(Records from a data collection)
☆ ☆ ☆ ☆ ☆ ☆ ☆
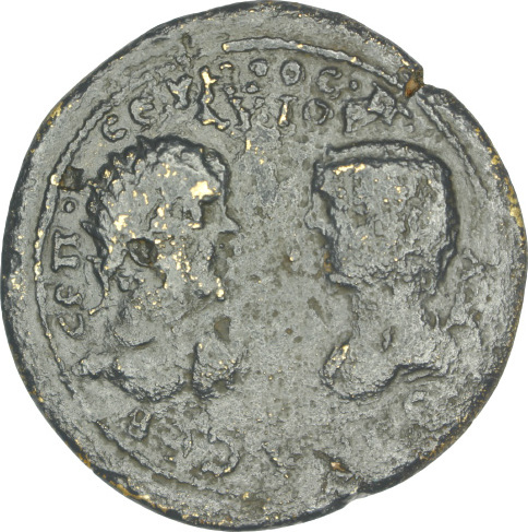 radiate, draped and cuirassed bust of Septimius Severus, right, seen from front, facing draped bust of Julia Domna, left |
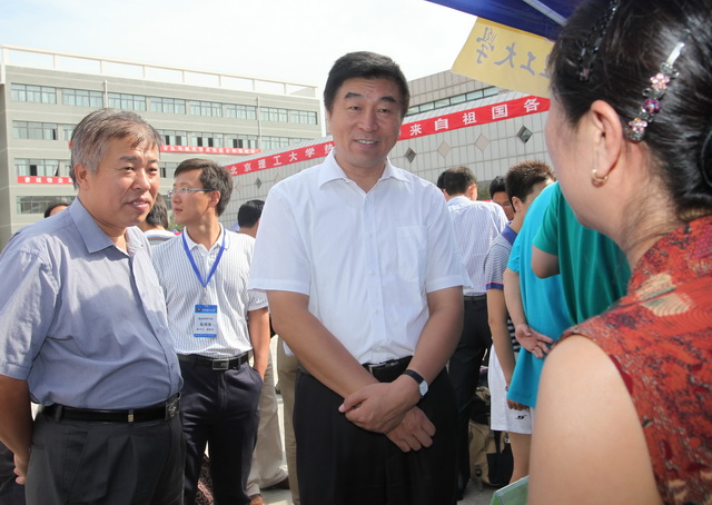 校党委书记郭大成等校领导到迎新现场指导工作。
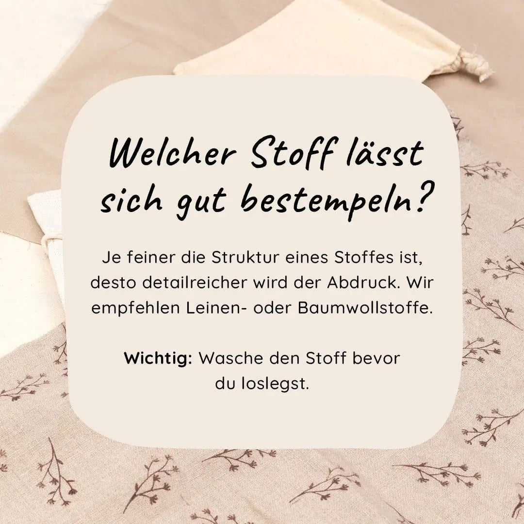 Am besten lassen sich Naturstoffe wie Leinen oder Baumwolle bestempeln, da ihre feine Struktur die Motive detailreich abbildet. Kunstfasern hingegen nehmen die Farbe oft nicht so gut auf und eignen sich daher weniger.
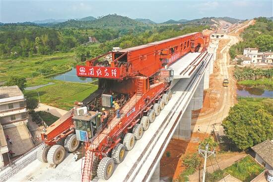 羊城晚报讯 记者王磊,通讯员李长海、赵鹏摄影报道:4月24日,自重达530吨“大国重器”SLJ900运架一体机载着全长32.6米、重达790.3吨的一孔箱梁,从梅龙铁路五华项目部制梁场出发,以每小时3公里的速度,往龙川方向罗洞坑特大桥继续它的架梁任务,经过一个多小时的运输,两个多小时的施工作业后,预制箱梁安稳落于桥墩之上,梅龙铁路又向前迈进了一小步。
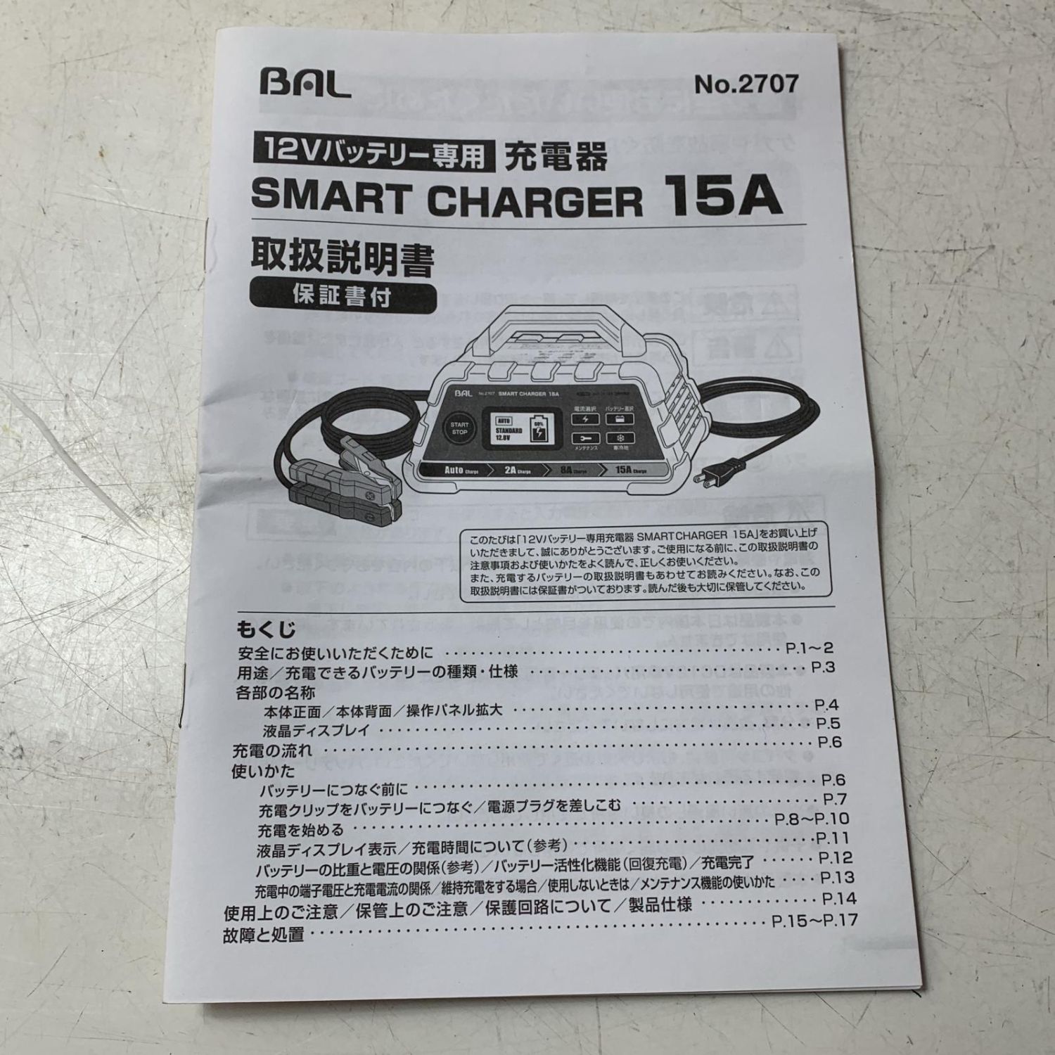 BAL バル 12vバッテリー専用 充電器15A SMART CHARGER 2707 オレンジ
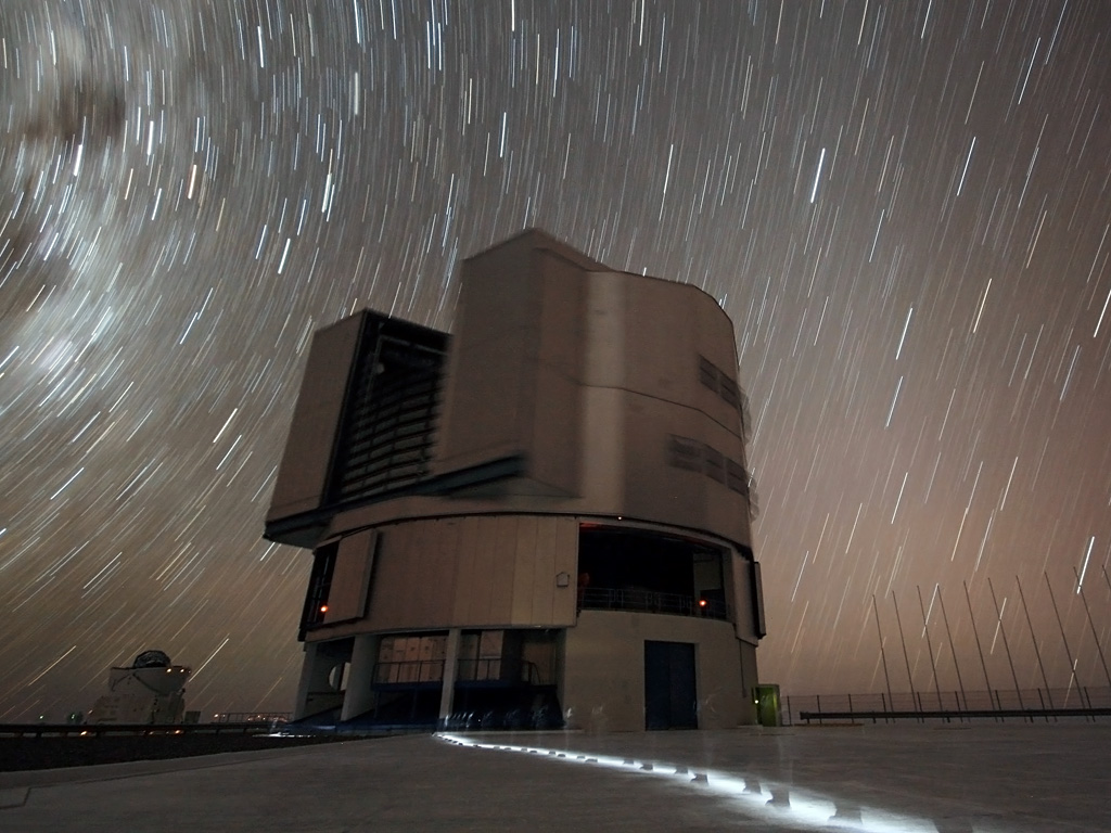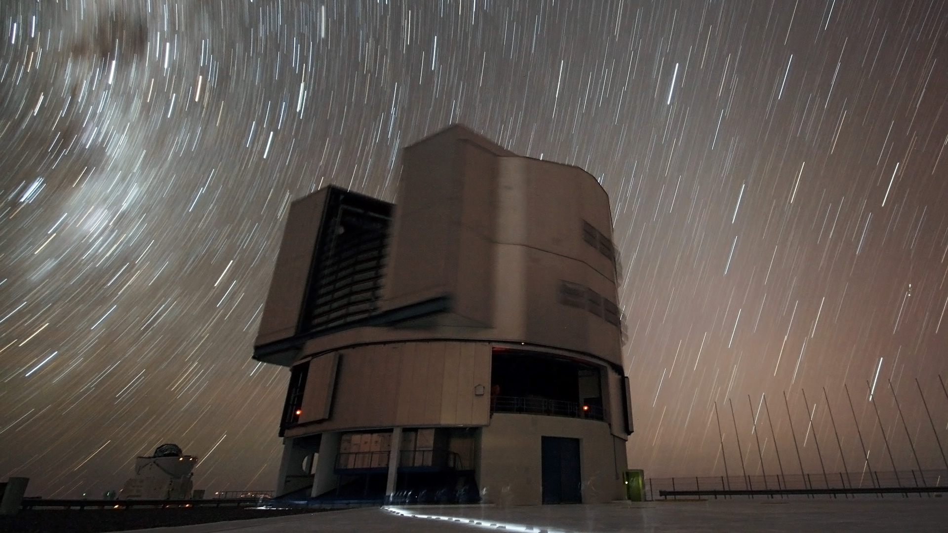 This dynamic long-exposure photograph shows ESO’s Very Large Telescope in action, as well as revealing the rotation of the Earth in space.
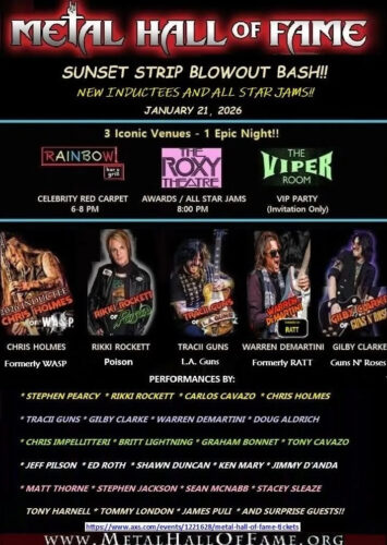 January 22nd, 2026, the metal world gathered for the annual tradition of the Metal Hall of Fame, but this time as an L.A.-based Blowout Bash, taking over the Sunset Strip at the Rainbow, The Roxy, and The Viper Room. The takeover celebrated the legacy of 80’s rock and metal that thrives on the Sunset Strip, highlighting bands like Ratt, Poison, W.A.S.P, Guns N’ Roses, and L.A. Guns.
☆ ☆ ☆ ☆ ☆ ☆ ☆
_Work to be completed_
Give every entry back unchanged, with no pictures.

_Result of this exercise_
 radiate, draped and cuirassed bust of Septimius Severus, right, seen from front, facing draped bust of Julia Domna, left |
 校党委书记郭大成等校领导到迎新现场指导工作。
 Am besten lassen sich Naturstoffe wie Leinen oder Baumwolle bestempeln, da ihre feine Struktur die Motive detailreich abbildet. Kunstfasern hingegen nehmen die Farbe oft nicht so gut auf und eignen sich daher weniger.
 羊城晚报讯 记者王磊,通讯员李长海、赵鹏摄影报道:4月24日,自重达530吨“大国重器”SLJ900运架一体机载着全长32.6米、重达790.3吨的一孔箱梁,从梅龙铁路五华项目部制梁场出发,以每小时3公里的速度,往龙川方向罗洞坑特大桥继续它的架梁任务,经过一个多小时的运输,两个多小时的施工作业后,预制箱梁安稳落于桥墩之上,梅龙铁路又向前迈进了一小步。
 BAL バル 12vバッテリー専用 充電器15A SMART CHARGER 2707 オレンジ
 This dynamic long-exposure photograph shows ESO’s Very Large Telescope in action, as well as revealing the rotation of the Earth in space.
 January 22nd, 2026, the metal world gathered for the annual tradition of the Metal Hall of Fame, but this time as an L.A.-based Blowout Bash, taking over the Sunset Strip at the Rainbow, The Roxy, and The Viper Room. The takeover celebrated the legacy of 80’s rock and metal that thrives on the Sunset Strip, highlighting bands like Ratt, Poison, W.A.S.P, Guns N’ Roses, and L.A. Guns.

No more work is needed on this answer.